Lost species day: celebrities to champion threatened wildlife

Writers and activists including Emma Thompson, Margaret Atwood and Amitav Ghosh are to speak about their favourite endangered animals as part of a remembrance day for lost species.

The snow leopard, pangolin and vaquita porpoise are among the endangered animals that will be championed by participants at the free online event, On the Brink, organised by Writers Rebel, which is part of Extinction Rebellion.

Emma Thompson

“A good way of coping with the grief of losing so many species from our planet is to celebrate the ones we have left and make sure they survive,” said Thompson, who will speak about puffins.

As a child she was a member of the Puffin Club and thought at first that puffins were books, not birds. Decades later, while on a trip to the Arctic with Greenpeace, the gently comical sight of a flying puffin, which is listed as vulnerable on the IUCN red list, was a respite from the grief and trauma of watching glaciers disappear. “There always seems to be a think bubble above their heads as they’re flying, which is ‘I’m not sure how long I’m going to be able to keep this up!’ because their wings go so fast,” she told the Guardian.

Q&AWhy should we worry about wildlife extinction?Show

The sixth mass extinction in geological history has not only begun but is accelerating, according to some scientists, who warn that it may be a tipping point for the collapse of civilisation.

A report in June 2020 found more than 500 species of land animals were found to be on the brink of extinction and likely to be lost within 20 years.
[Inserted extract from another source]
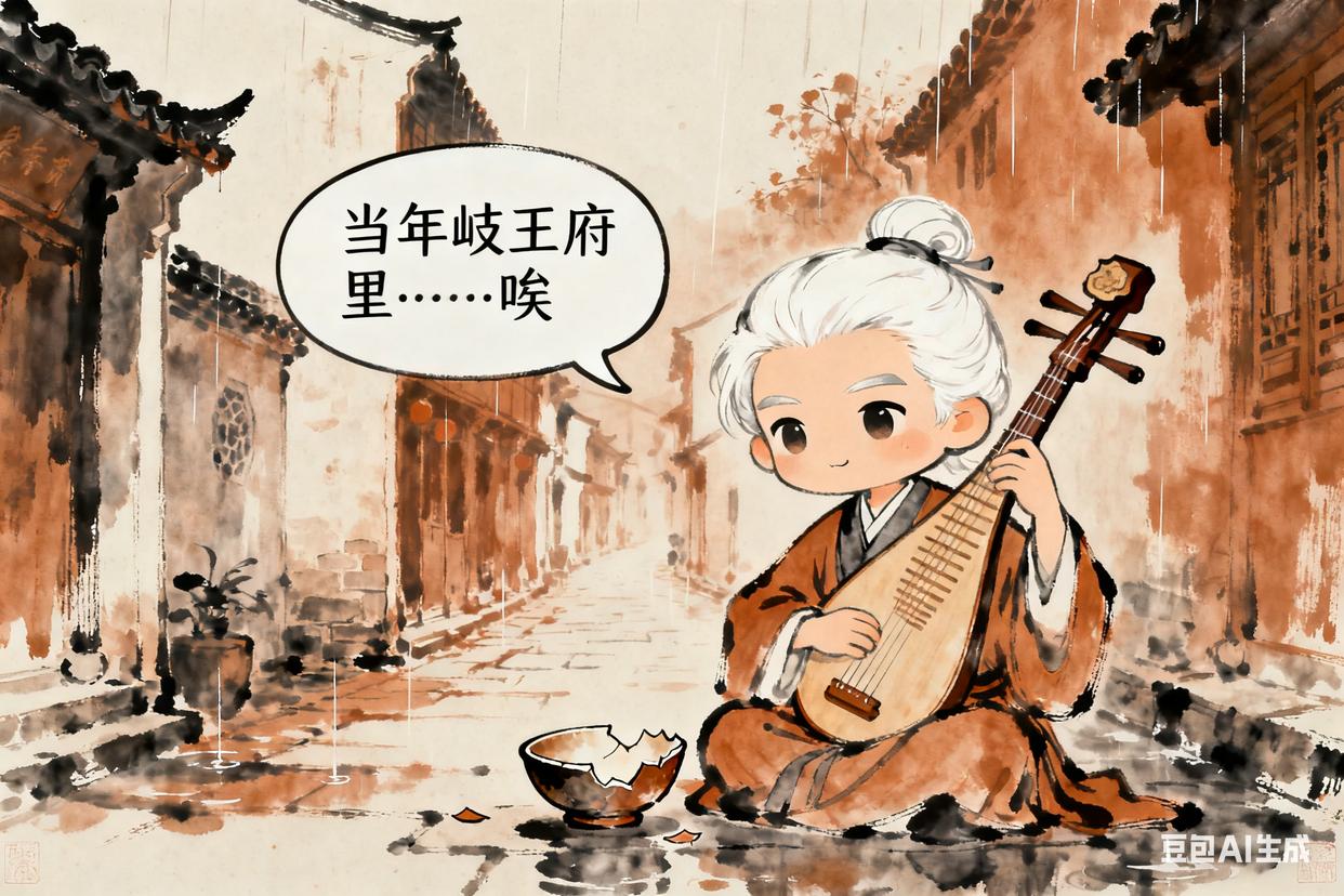 故事:他曾是玄宗最爱的乐师,安史之乱后流落江南,靠卖唱为生。杜甫见他时,他已是白发老人,只能“闲坐说玄宗”。
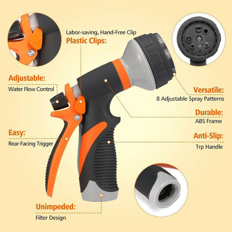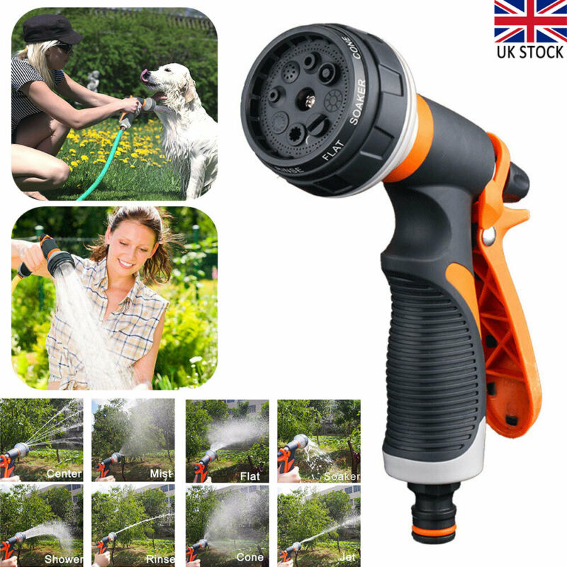 Garden Hose Pipe Spray Gun Head Soft Grip Handle Multi Pattern Water Sprayer UK

In comparison, the same number were lost over the whole of the last century.

The land vertebrates on the verge of extinction, with fewer than 1,000 individuals left, include the Sumatran rhino, the Clarion wren, the Espanola giant tortoise and the harlequin frog.
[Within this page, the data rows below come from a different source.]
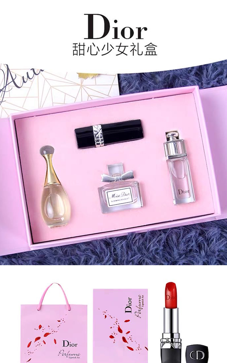 【送礼袋】Dior迪奥甜心爱恋礼盒四件套(真我5ml+甜心5ml+魅惑5ml+999口红1.5g )一般贸易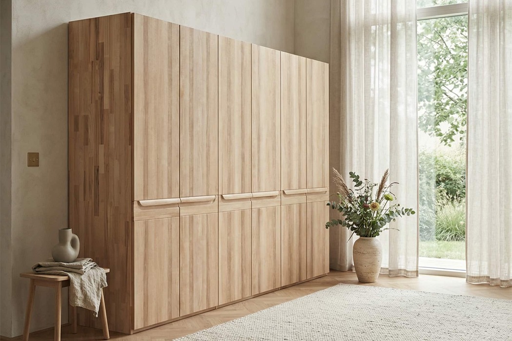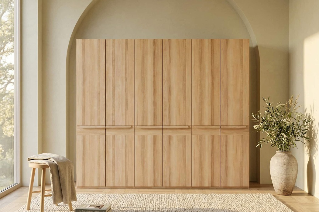 Шафа Глорія 4-дверна - це містка система зберігання нового покоління, створена для тих, хто цінує порядок, комфорт і натуральні матеріали. Вона поєднує сучасний дизайн, продуману внутрішню організацію та природну красу деревини, гармонійно вписуючись у простір просторих спалень.Матеріали та екологічність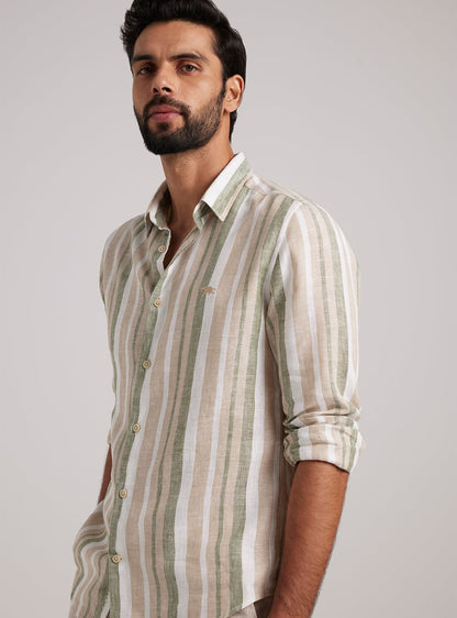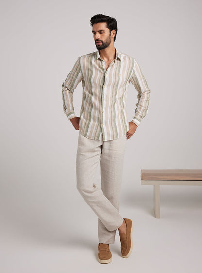 Presenting a shirt that's good on you, & our planet. Crafted from one of Earth's friendliest fibres, European linen, which comes from Belgian flax, a supercrop that requires zero manual irrigation, is 100% bio-degradable & enriches the soil as it grows. Lightweight, naturally breathable & cool to touch, this timeless shirt is softer & more durable than regular linen. Features a small-point collar, & bold stripes.

The analysis, published in the journal Proceedings of the National Academy of Sciences, examined data on 29,400 land vertebrate species compiled by the IUCN red list of threatened species and BirdLife International. The researchers identified 515 species with populations below 1,000 and about half of these had fewer than 250 remaining. Most of these mammals, birds, reptiles and amphibians were found in tropical and subtropical regions.

Changes to the climate are reversible, even if that takes centuries or millennia, and conservation efforts can work. Since 1993, up to 48 bird and mammal extinctions have been prevented by conservation efforts. But once species become extinct, there is no going back.
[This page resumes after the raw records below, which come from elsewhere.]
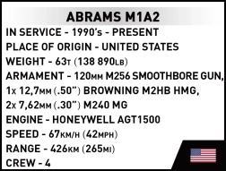 Z gradbenim kompletom COBI Abrams M1A2 ustvarite realističen mini model modernega glavnega bojnega tanka. V merilu 1:72 meri dokončan model približno 14 cm in ohranja značilne linije ter avtentična označevanja izvirnika.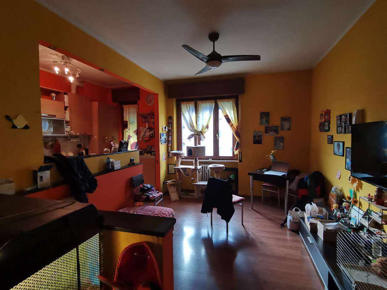 Appartamento della superficie commerciale di 83,71 mq posto al primo piano senza ascensore costituito da ingresso, soggiorno e angolo cottura, due camere, un bagno , due piccoli ripostigli e balconcino a servizio di una camera. Completano la proprietà una cantina ed un box la cui area di manovra (corte antistante l'ingresso) è ridotta pertanto non è possibile parcheggiare un'auto.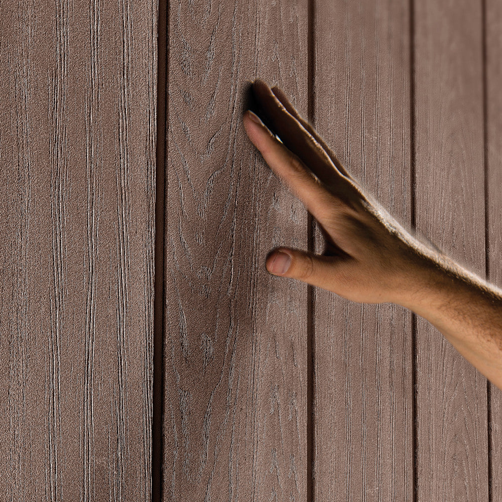 A Newton Plus kerti ház nemcsak praktikus, hanem esztétikus is. A barna színű EvoTech anyag valósághű fa textúrát biztosít, anélkül hogy a fa gondozási igényeivel kellene számolni.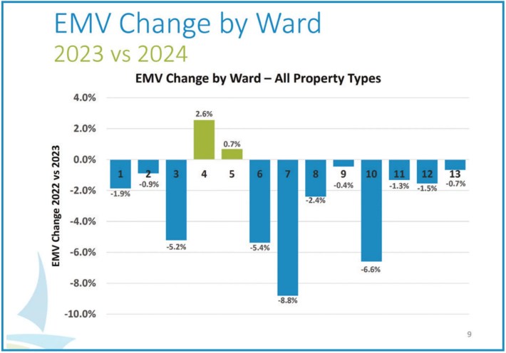 The city assessor presented 2024 total estimated property values to the City Council this month, reporting a decline of 3.1% from 2023 to 2024.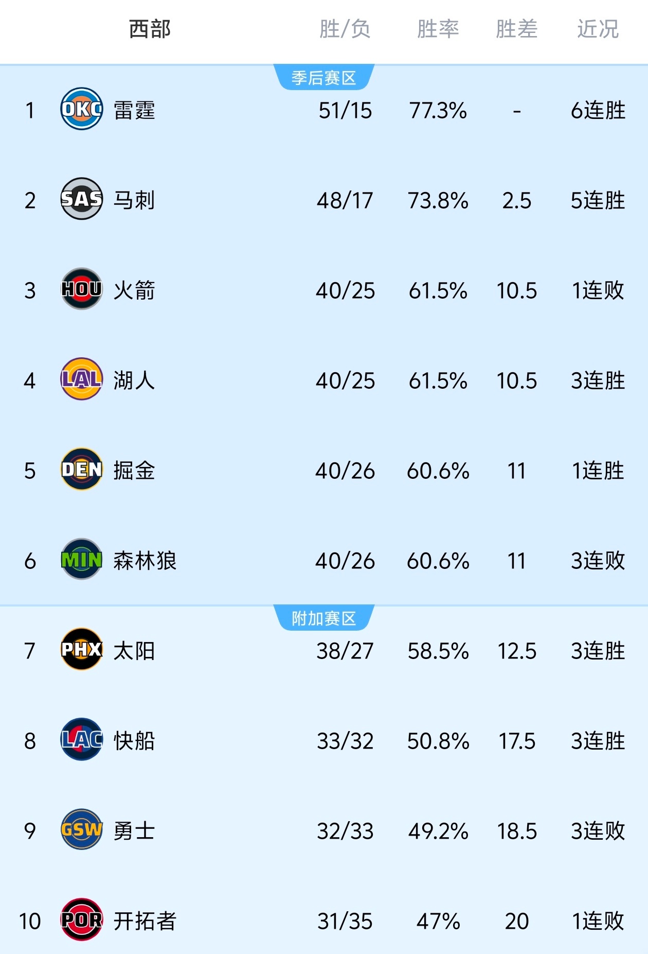 火箭输球!湖人升至西部第3!现在雷霆和马刺遥遥领先,其他球队最好的位置就是西

Thompson hopes the event helps people to realise their deep links with other living things. “That innate connection is what will save us, and to speak of it poetically or amusingly or artistically in any way is merely to remind people of what they already know,” she said. “It’s just adding another voice to the great chorus that is rising from everywhere at the moment, voices saying we can’t go on destroying our landscape, our planet, the great numbers of other organisms or species with whom we share the planet.”

Puffins on the Shiant Isles in the Outer Hebrides, Scotland.

As a child, Thompson was a junior member of Greenpeace and Friends of the Earth. When she was filming In the Name of the Father in 1991, people started talking about bottled water and how stupid it was. “Two decades later we’re going … ‘this is ridiculous – we’ve got more plastic in the oceans than fish?’ If something could go badly wrong in 30 years, it can also go seriously right in the next 10,” she said.

Canadian author Margaret Atwood holds up XR sticker.

From Toronto, Atwood will be speaking about the endangered Tasmanian devil, a dog-like marsupial whose ferocity reminds her of climate activist Greta Thunberg. “I chose this creature because I have seen it in its habitat, I’ve followed its footprints across a beach in Tasmania, and I have watched it move through several threats and partial recoveries,” she told the Guardian.

For Atwood the penny dropped about climate issues in the 50s. Humanity had dodged a number of bullets – ozone depletion, acid rain, DDT pesticides, atomic bombs – and scientists who spotted early signs of global heating were mainly ignored. Now people are listening, she said, as shown by the rise of Extinction Rebellion. “What we have to think about … is do we want to be a species? Are we already a threatened species? Are we investing in our own extinction? That is the question … If no action is taken, we’re going to go over the cliff. It’s just a matter of time.”

This year Tasmanian devils were released into the wild on Australia's mainland - 3,000 years after they went extinct there.

Having lived through several periods of protest over the years, Atwood says this is the first time the protests have been about the climate, which is forcing politicians to face up to the problem. “There’s no point not having some hope. Because if you have no hope you do nothing,” she said.

Ghosh became interested in Irrawaddy dolphins in 2000 when he was travelling by boat through a mangrove forest in Bengal and saw a dead one washed up on the mud bank. Years later he got in contact with a researcher from New Zealand and spent a week surveying the dolphins in the Mekong River where there are an estimated 92 of them left. He wrote a book called The Hungry Tide whose central character is a scientist interested in these beakless dolphins, which have bulging foreheads and look like they’re smiling.

Writer Amitav Ghosh.

An estimated million species are at risk of extinction and Ghosh hopes the remembrance day will highlight the horror of watching entire populations of creatures vanishing before our eyes. “All this stuff has just become naturalised – we become immune to the horror that’s unfolding around us,” he said. “And I think it’s very important and very necessary to constantly reiterate that this isn’t normal.”

At this point, our choices are between terrible and catastrophic because we’ve already crossed too many planetary boundaries, he said. “We are heading towards catastrophic. So yes, we could turn it round to some degree so that we remain within some boundaries, that is still terrible, but are better than catastrophic. That’s the thing that we have to hope for at this point.”

An Irrawaddy dolphin, also known as the Mekong dolphin, in a river in Cambodia.

Lily Cole, Bianca Jagger, Homero Aridjis and Ben Okri will also speak at the event, which will be co-hosted by Mya-Rose Craig, also known as Birdgirl, and David Lindo, the Urban Birder. The aim is to galvanise support and inspire people to become champions of ecosystems at risk of collapse, says co-organiser Liz Jensen. “We hope this will be our biggest and best event yet.”